FK Srem () is a football club based in Sremska Mitrovica, Vojvodina, Serbia. They compete in the Sremska Mitrovica City League, the seventh tier of the national league system.

History
The club was founded as Građanski in 1919. They initially competed within the Belgrade Football Subassociation. After the reorganization of the Yugoslav football league system, the club joined the Novi Sad Football Subassociation.

Following the conclusion of World War II, the club was restored and competed as Srem in the 1946 Serbian League North. They reached the reformed Yugoslav Second League in 1958. Over the next eight seasons, the club participated in Group East, before suffering relegation in 1966. They subsequently won the Serbian League North in 1967 and took promotion back to the second tier of Yugoslav football. The club spent one season in Group East and one in Group North, before suffering relegation to the Vojvodina League in 1969.

In 1971, the club placed first in the Vojvodina League and earned promotion to the Yugoslav Second League.

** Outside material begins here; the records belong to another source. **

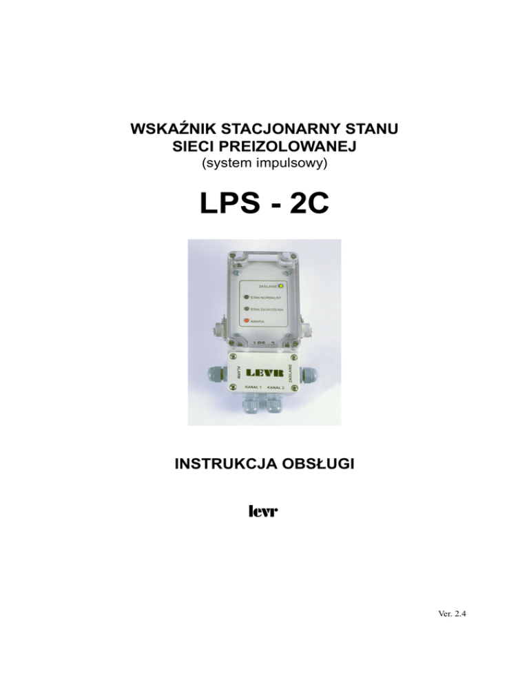 WSKAŹNIK STACJONARNY STANU SIECI PREIZOLOWANEJ (system impulsowy) LPS - 2C INSTRUKCJA OBSŁUGI levr Ver. 2.4 LPS-2C INSTRUKCJA OBSŁUGI 1. Informacje ogólne Detektor stacjonarny typ LPS-2C jest stosowany do kontrolowania stanu technicznego dwóch odcinków sieci ciepłowniczej preizolowanej z układem alarmowym impulsowym. Przyrząd LPS-2C wyróżnia i sygnalizuje trzy niżej opisane stany badanych odcinków sieci ciepłowniczej. STAN DOBRY (dioda LED zielona) STAN ZAGROŻENIA (dioda LED żółta) AWARIA (dioda LED czerwona) Dwa odcinki kontrolowanej sieci ciepłowniczej znajdują się w dobrym stanie technicznym. Przynajmniej w jednym z kontrolowanych odcinków sieci ciepłowniczej wartość rezystancji między przewodem alarmowym i rurą stalową jest bliska założonej wartości granicznej rezystancji przecieku. Układy alarmowe dwóch badanych odcinków sieci ciepłowniczej znajdują się w dobrym stanie technicznym. Warunkiem sygnalizacji tego stanu jest wykrycie przynajmniej jednego z niżej podanych przypadków: przeciek; brak kontaktu elektrycznego między detektorem i rurą stalową; przerwa elektryczna w obwodzie alarmowym; zwarcie elektryczne przewodu alarmowego z rurą stalową. Gniazda pomiarowe umieszczone na bocznych ściankach przyrządu umożliwiają wykonanie dokładnych pomiarów dla każdego odcinka kontrolowanej sieci ciepłowniczej. Wybór przyrządów pomiarowych musi uwzględniać rodzaj badanego systemu alarmowego. W razie wystąpienia awarii detektor LPS-2C włącza zewnętrzne urządzenie sygnalizacyjne (dźwiękowe, świetlne) lub przekazuje informacje do urządzeń systemu zbierania danych. W obydwu przypadkach elementem wykonawczym jest przekaźnik 2. Uwagi eksploatacyjne Włączenie przyrządu LPS-2C polega na wetknięciu wtyczki przewodu zasilającego do gniazda instalacji 230V 50Hz. Następnie przyrząd dokonuje wewnętrznych ustawień oraz wykonuje pierwszy pomiar. W tym czasie świeci się czerwona dioda LED z opisem AWARIA. Jeżeli nadzorowany odcinek sieci ciepłowniczej znajduje się w dobrym stanie technicznym, to po około jednej minucie zgaśnie dioda czerwona, a zacznie świecić dioda zielona z opisem STAN DOBRY. W rozdziale zatytułowanym DANE TECHNICZNE opisano rodzaje stanów charakterystycznych sieci preizolowanej i impulsowego układu alarmowego oraz sposoby ich sygnalizacji przez przyrząd LPS-2C. Świecenie diody żółtej powinno skłonić nadzór techniczny do zwiększenia częstotliwości obserwacji detektora LPS-2C. W przypadku wystąpienia stanu alarmowego (świecenie diody czerwonej) należy ustalić rodzaj i miejsce awarii przy pomocy odpowiednich mierników. Dołączanie przyrządów pomiarowych do zewnętrznych gniazd detektora LPS-2C nie wymaga odłączania go od źródła zasilającego 2 LPS-2C INSTRUKCJA OBSŁUGI Rys. 2. Sposób dołączania przewodów dwóch pętli alarmowych, których sumaryczna długość jest nie większa niż 1000m. Rys. 3. Sposób dołączania przewodów pętli alarmowej o długości do 1000m 3 LPS-2C INSTRUKCJA OBSŁUGI 3. Charakterystyka środowiska pracy przyrządu LPS-2C Przyrząd jest przystosowany do pracy w pomieszczeniach zamkniętych. Miernik pracuje poprawnie w zakresie zmian temperatury otoczenia +5°C ÷ +50°C, natomiast wilgotność względna nie powinna przekraczać 80%. Podczas składowania przyrządu temperatura otoczenia może zmieniać się od –40°C do +70°C. Po składowaniu lub przewożeniu przyrządu w temperaturze poniżej +5°C zaleca się odczekać minimum 3 godz. przed włączeniem napięcia zasilania. Po takim czasie przyrząd powinien osiągnąć temperaturę pracy. Miernik nie może pracować w pomieszczeniach o dużym zapyleniu oraz w atmosferze zawierającej gazy wybuchowe lub agresywne korozyjnie. Przedstawione w danych technicznych błędy pomiaru parametrów i wielkości są uzyskiwane po 30min. pracy miernika we właściwych dla niego warunkach otoczenia. 4. Konserwacja przyrządu LPS-2C Do usunięcia kurzu z obudowy przyrządu używa się czystej, suchej szmatki. Pozostałe zabrudzenia należy likwidować szmatką zwilżoną 1% roztworem detergentu. Tłuste zanieczyszczenia można usuwać za pomocą specjalnych preparatów stosowanych do utrzymania w czystości sprzętu komputerowego. Do mycia przezroczystej części obudowy należy używać miękkich szmatek lub specjalnych ściereczek do mycia ekranów monitorów komputerowych. Niedozwolone jest używanie spirytusu, benzyny ekstrakcyjnej i innych rozpuszczalników. Takie środki czyszczące mogą spowodować powierzchniowe uszkodzenie obudowy miernika. Po zakończeniu czyszczenia przyrząd należy wytrzeć do sucha za pomocą miękkiej szmatki. W trakcie wykonywania opisanych powyżej czynności należy zadbać, aby płyny czyszczące nie przeniknęły w dużej ilości do wnętrza miernika. 5. Przeglądy okresowe przyrządu LPS-2C Przyrząd jest przeznaczony do pracy ciągłej. W celu sprawdzenia poprawności jego działania powinno się przynajmniej raz w roku wykonać pomiary kontrolne nadzorowanej sieci ciepłowniczej za pomocą przenośnego testera dołączanego do zewnętrznych gniazd pomiarowych przyrządu LPS-2C. Sygnalizowany przez diody świecące detektora stan powinien znaleźć uzasadnienie w wartościach wyników pomiarów. 4 LPS-2C INSTRUKCJA OBSŁUGI . LPS-2C (system alarmowy impulsowy) 6. DANE TECHNICZNE: 1. Sumaryczna długość kontrolowanej sieci ciepłowniczej......................................................................≤ 2000m 2. Charakterystyka sygnalizacji: rezystancja izolacji poliuretanowej..................................................................Dioda LED, kolor zielony Ri > 300 kΩ, układy alarmowe nie uszkodzone Opis: STAN NORMALNY rezystancja izolacji poliuretanowej......................................................................Dioda LED, kolor żółty Ri = 65 k ÷ 300 kΩ, układy alarmowe nie uszkodzone Opis: STAN ZAGROŻENIA rezystancja izolacji poliureta
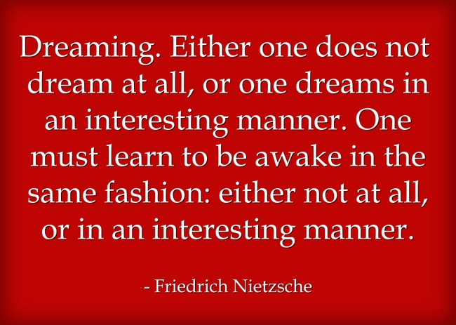"Dreaming. Either one does not dream at all, or one dreams in an interesting manner. One must learn to be awake in the same fashion: either not at all, or in an interesting manner. "
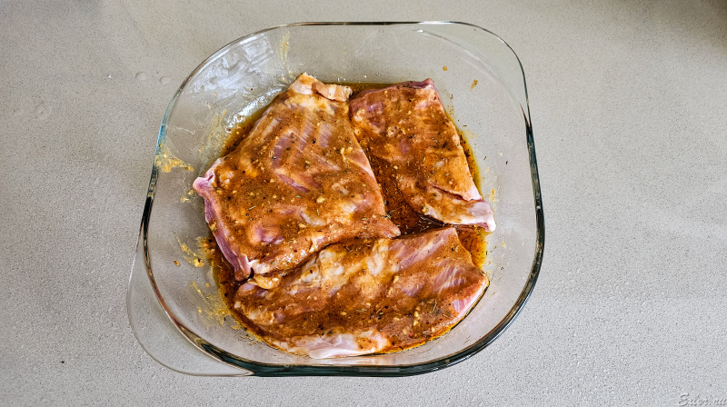 В Псковской области есть такой городок Великие Луки, а в нём есть Великолукский мясокомбинат. Он очень большой и пооткрывал своих фирменных магазинов во многих регионах в округе. Специализируется в основном на свинине. Так вот он в том числе выпускает полуфабрикаты в маринаде в вакуумной упаковке. Когда нам лень заниматься маринованием, то просто покупаем их. Обычно либо свиную шею, либо рёбра. Потом просто кладём в форму, закрываем фольгой и в духовку на 200 градусов. Мы любим помягче, поэтому подольше, конечно делаем.
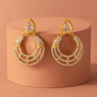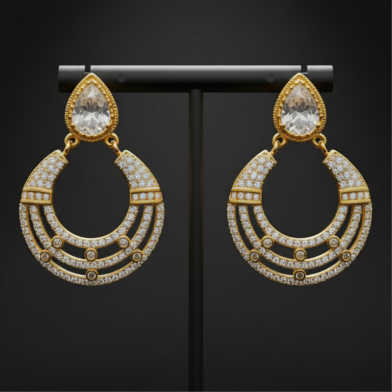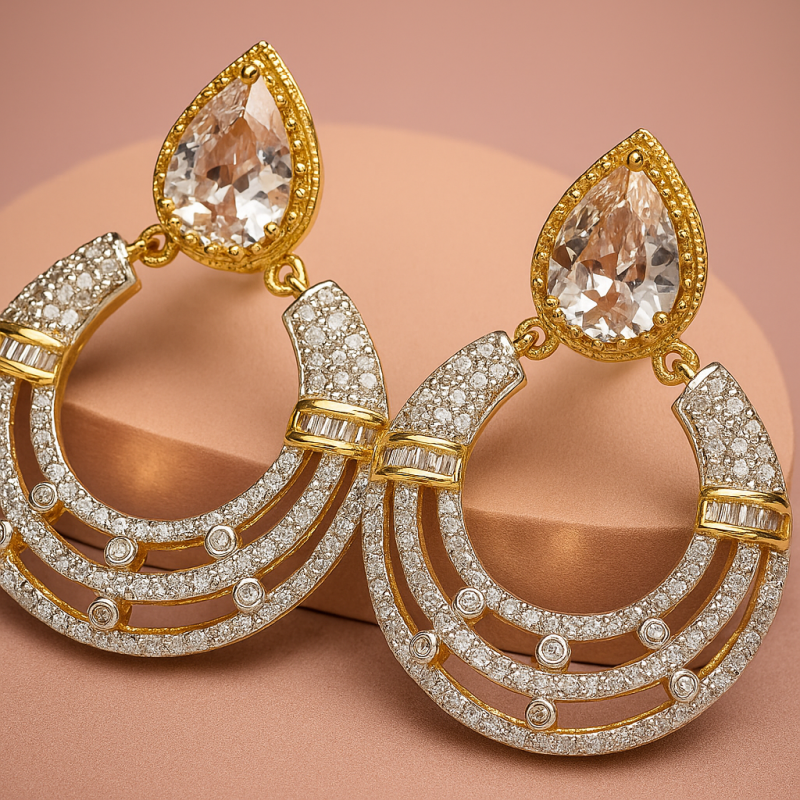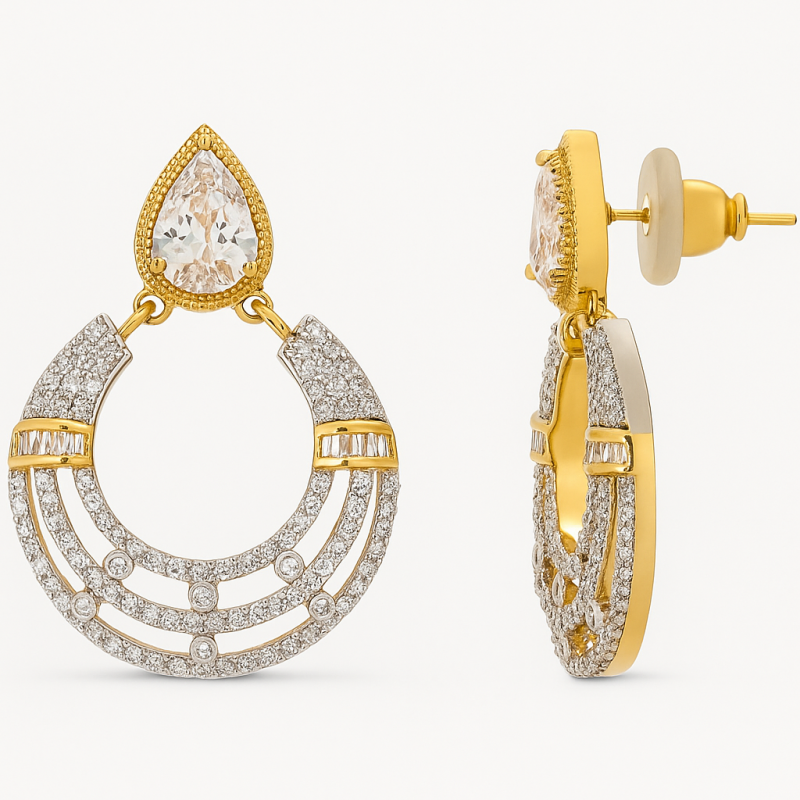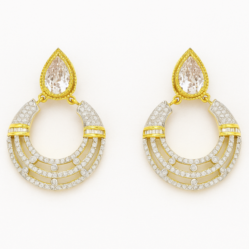 Elevate your elegance with these stunning Diamond-Studded Circular Drop Earrings. Designed with a luxurious teardrop stud top that beautifully holds a circular multi-row hoop, these earrings are encrusted with shimmering American diamonds. The blend of silver and gold tones gives a modern yet regal touch, making them perfect for weddings, festive events, or glamorous evening parties. Lightweight yet statement-making, these earrings pair effortlessly with both traditional sarees and contemporary gowns. Whether you’re attending a grand function or a special dinner, these earrings add sparkle and sophistication to your style. A timeless addition to every woman’s jewelry collection, crafted for those who love to shine with grace.

They, however, finished bottom of the table in the 1971–72 season and were promptly relegated back to the third tier. The club played 14 consecutive seasons in the Vojvodina League until 1986.

After the breakup of Yugoslavia in 1992, the club competed in the Serbian League North for three seasons, before being allocated to the newly formed Serbian League Vojvodina in 1995. They spent seven more consecutive seasons in the third tier of FR Yugoslavia football.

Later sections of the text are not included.